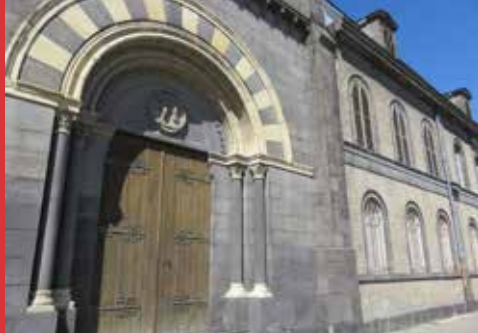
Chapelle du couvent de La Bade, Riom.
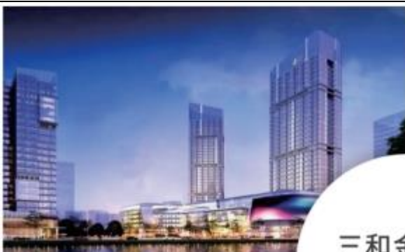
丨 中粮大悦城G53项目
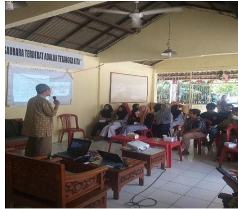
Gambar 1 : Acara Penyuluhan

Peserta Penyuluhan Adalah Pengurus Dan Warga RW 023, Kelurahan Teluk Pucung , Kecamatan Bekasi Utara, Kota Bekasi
· · ·
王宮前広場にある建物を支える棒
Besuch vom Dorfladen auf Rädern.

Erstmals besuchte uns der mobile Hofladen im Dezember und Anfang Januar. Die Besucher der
· · ·
— WHAT IS REQUIRED —
Would you please repeat only the lines above, beginning at the one that has "丨 中粮大悦城G53项目" and stopping after the one that has "Peserta Penyuluhan Adalah", exactly and with no pictures?

— ANSWER BOX —
丨 中粮大悦城G53项目
Gambar 1 : Acara Penyuluhan

Peserta Penyuluhan Adalah Pengurus Dan Warga RW 023, Kelurahan Teluk Pucung , Kecamatan Bekasi Utara, Kota Bekasi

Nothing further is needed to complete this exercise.